Information given.
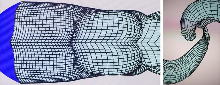 Фото: The wake structure left behind by a swimming dolphin.The result was produced by Lehigh PhD student Fatma Ayancik/Lehigh University
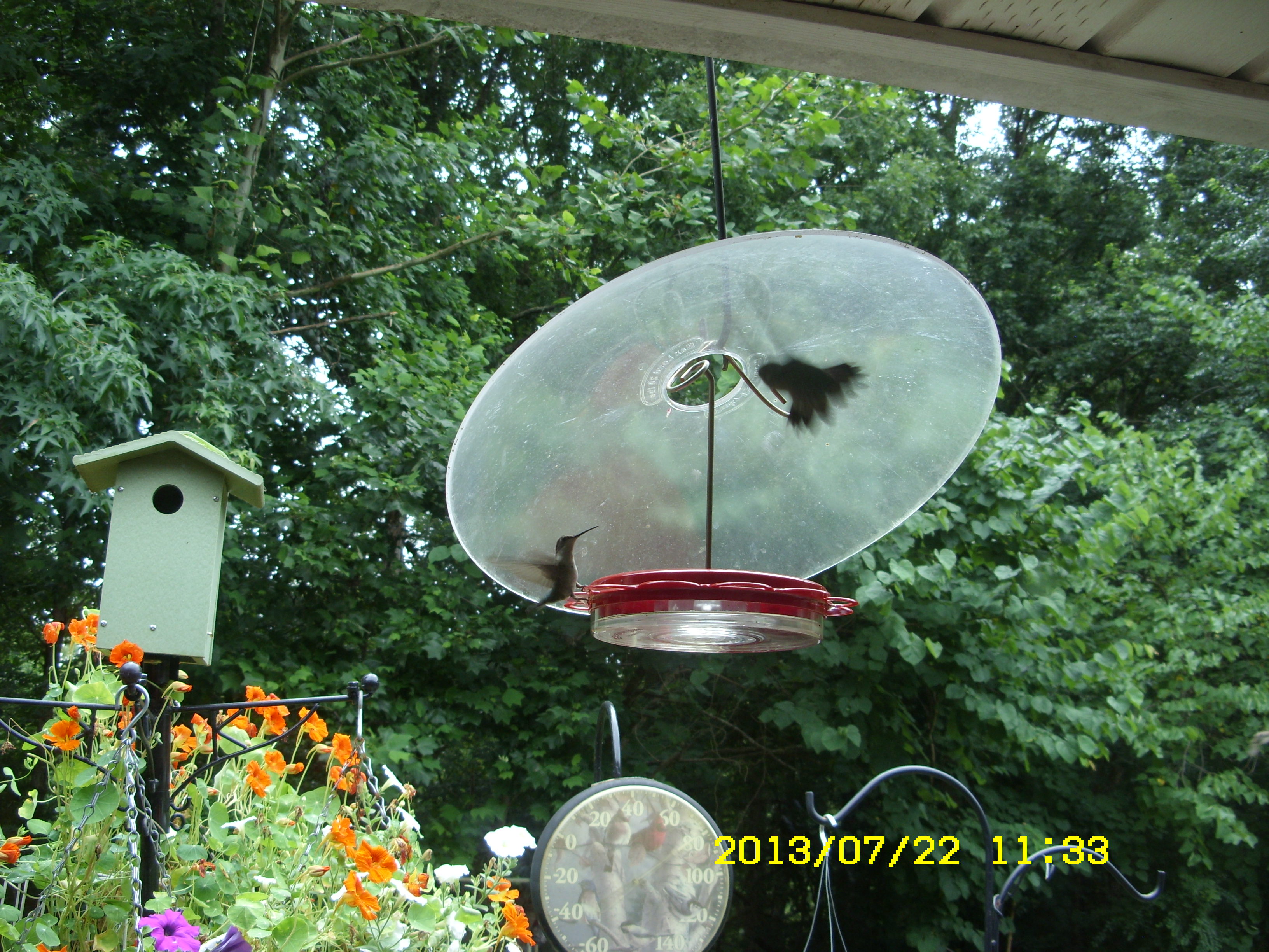 10:45 AM: For the first time, I saw four or five Hummingbirds circling the feeder. A male Ruby-throated Hummer was fiercely defending the area and others were forced away. (But the two on the feeder appear to be females?!)
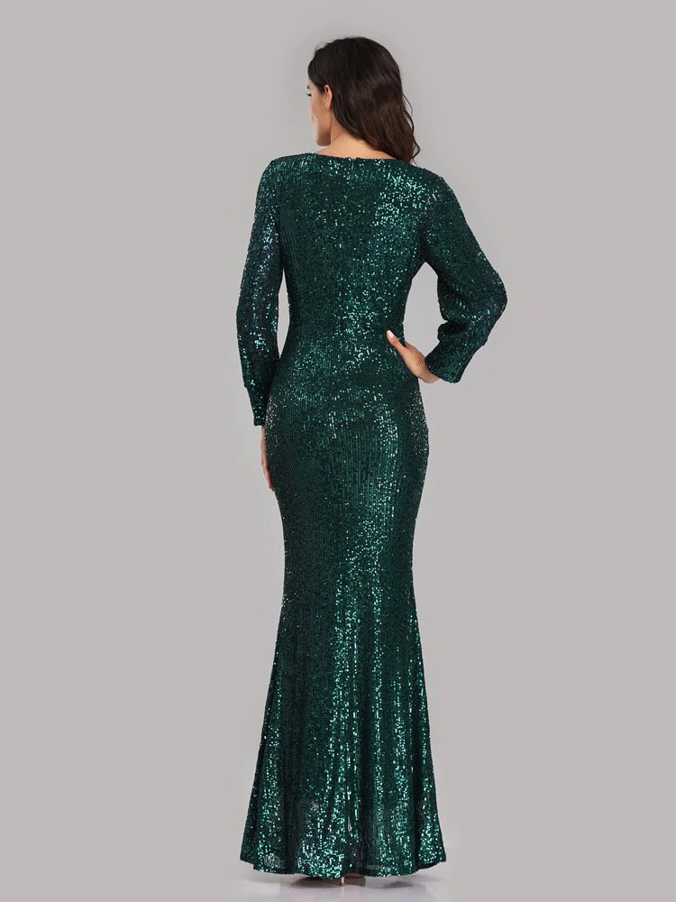 Élégance intemporelle avec la robe Gatsby verte à manches longues
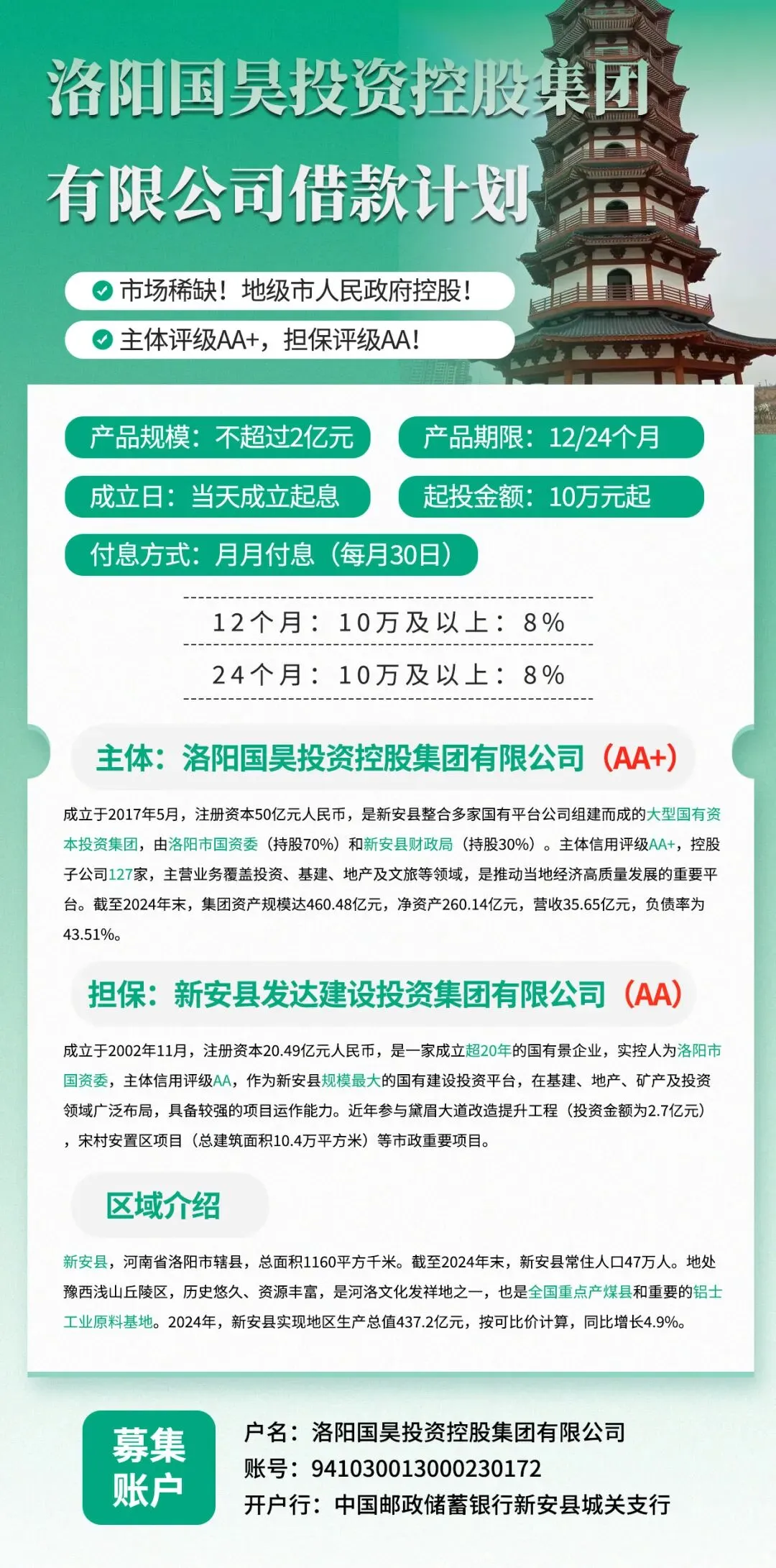 💎【洛阳国昊投资控股集团有限公司借款计划】
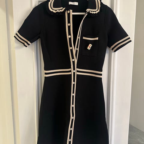 Ribbestrikket kjole med gullknapper fra H&M, størrelsen er xs. Kjolen er ikke blitt brukt , bare prøvd på men lappen er blitt tatt av siden jeg trudde jeg ble å bruke den. Selges fordi den ble for stor og jeg fant meg en annen størrelse.
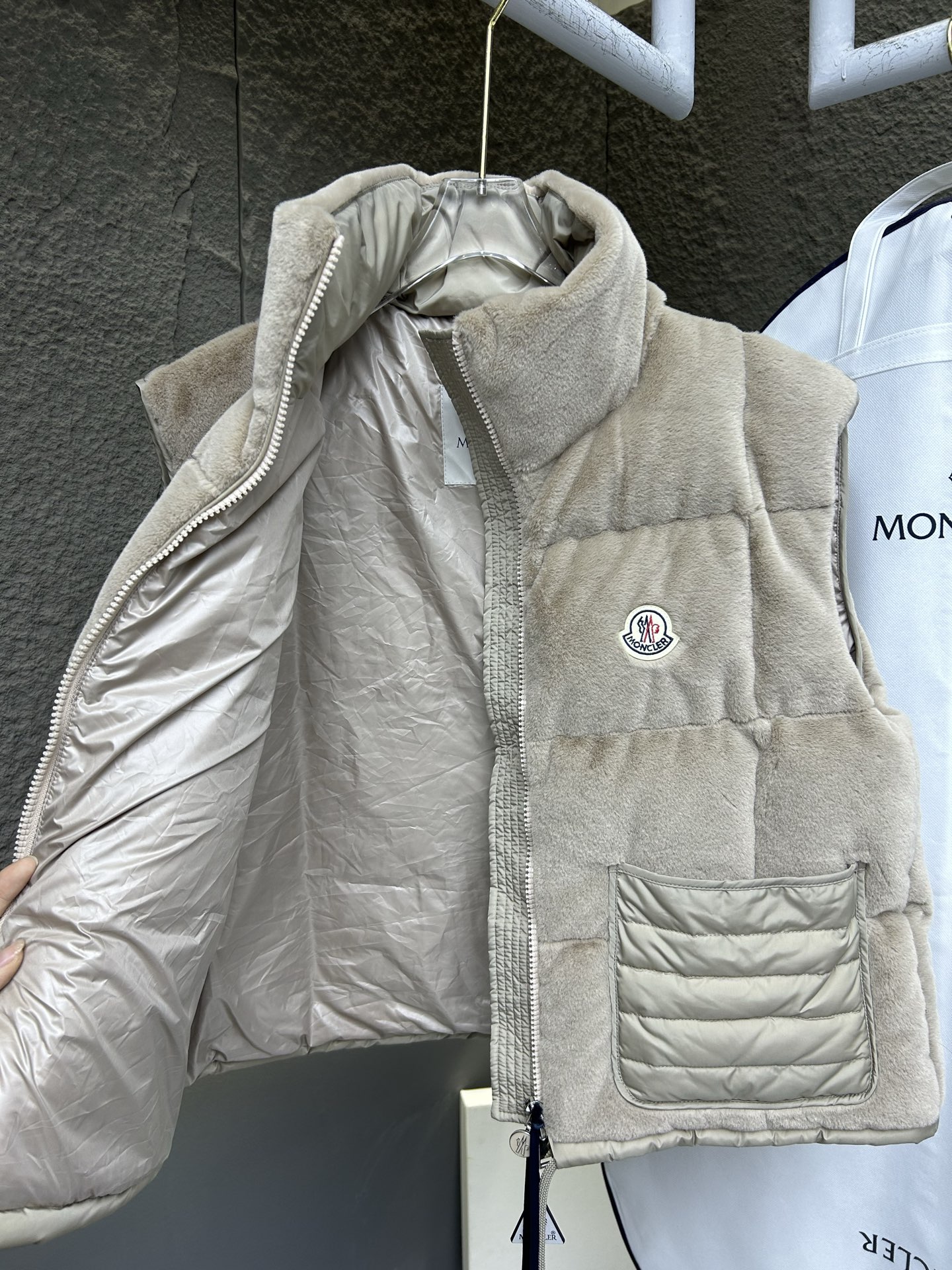这款衣服是AAAAA 1:1 质量 (非常棒). 使用了和原版一模一样的材料. 商标部分也保持了和盟可睐/moncler一样. 图片拍摄是实物衣服拍摄, 您所收到的实物保证和我们图片一模一样.
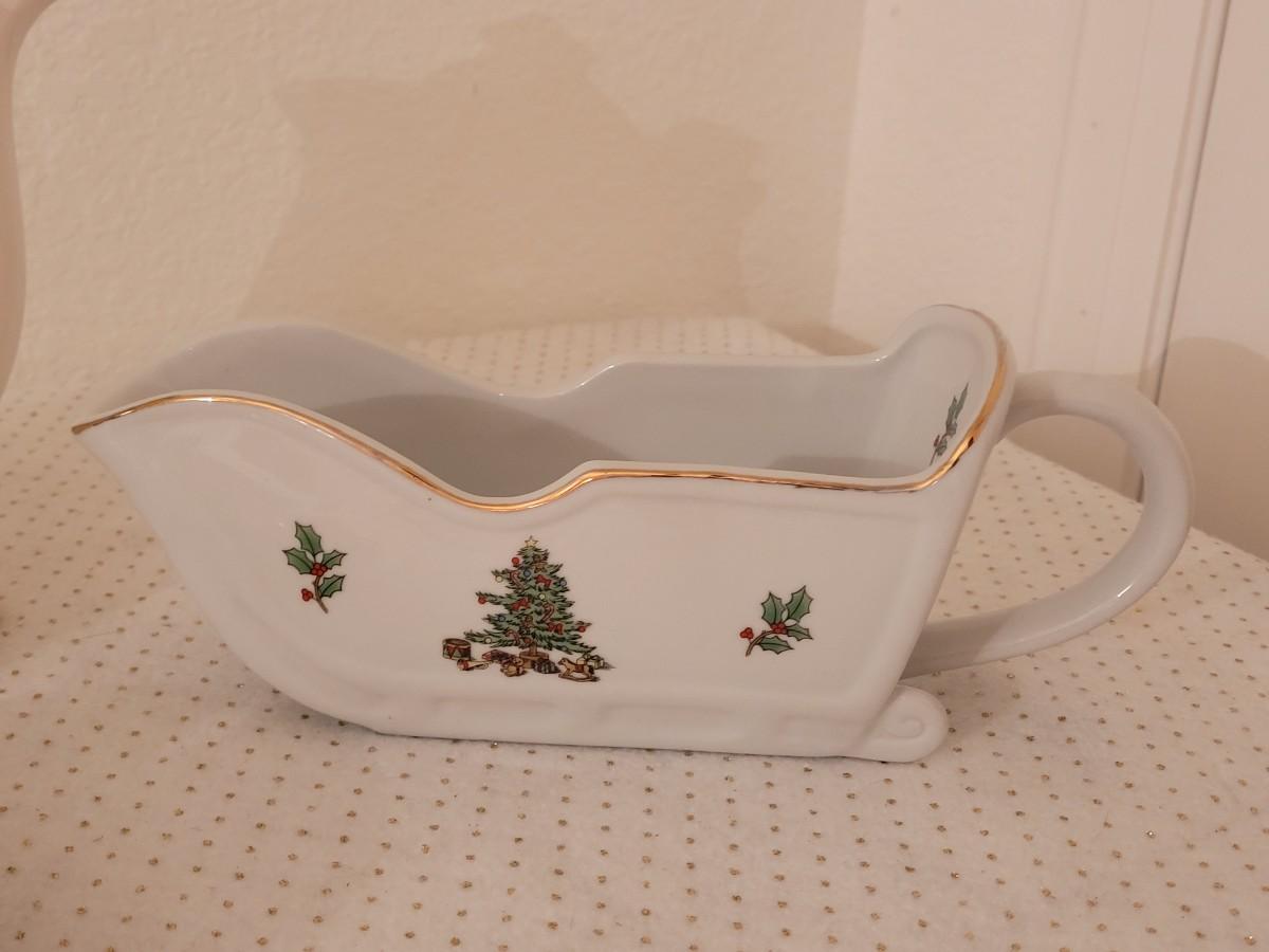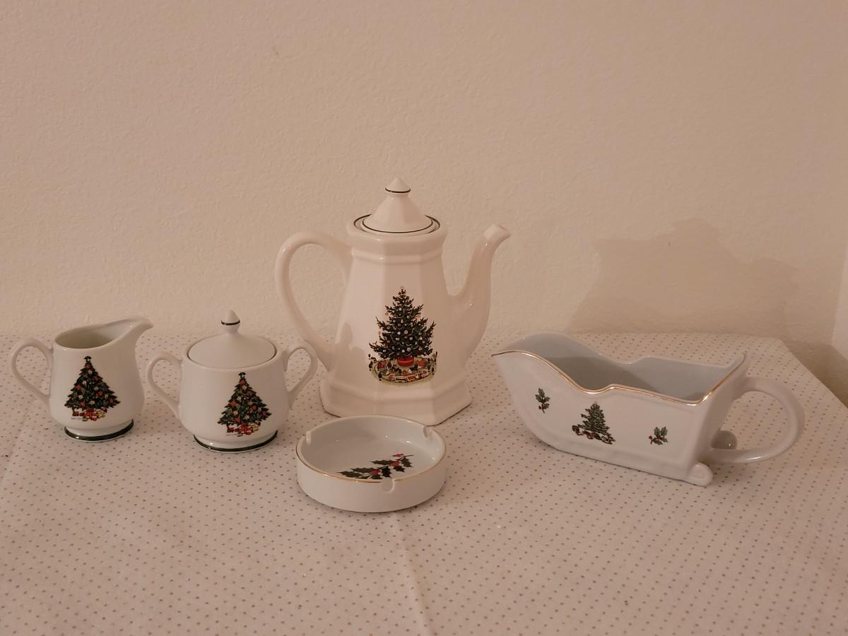 Lot 283:  Vintage Mixed Christmas Tea Set, Sleigh Dish and Ashtray

Instructions to follow.
Since the pictures don't belong in the copy, copy only the rest of the entries above exactly.

Solution to the problem.
 Фото: The wake structure left behind by a swimming dolphin.The result was produced by Lehigh PhD student Fatma Ayancik/Lehigh University
 10:45 AM: For the first time, I saw four or five Hummingbirds circling the feeder. A male Ruby-throated Hummer was fiercely defending the area and others were forced away. (But the two on the feeder appear to be females?!)
 Élégance intemporelle avec la robe Gatsby verte à manches longues
 💎【洛阳国昊投资控股集团有限公司借款计划】
 Ribbestrikket kjole med gullknapper fra H&M, størrelsen er xs. Kjolen er ikke blitt brukt , bare prøvd på men lappen er blitt tatt av siden jeg trudde jeg ble å bruke den. Selges fordi den ble for stor og jeg fant meg en annen størrelse.
这款衣服是AAAAA 1:1 质量 (非常棒). 使用了和原版一模一样的材料. 商标部分也保持了和盟可睐/moncler一样. 图片拍摄是实物衣服拍摄, 您所收到的实物保证和我们图片一模一样.
 Lot 283:  Vintage Mixed Christmas Tea Set, Sleigh Dish and Ashtray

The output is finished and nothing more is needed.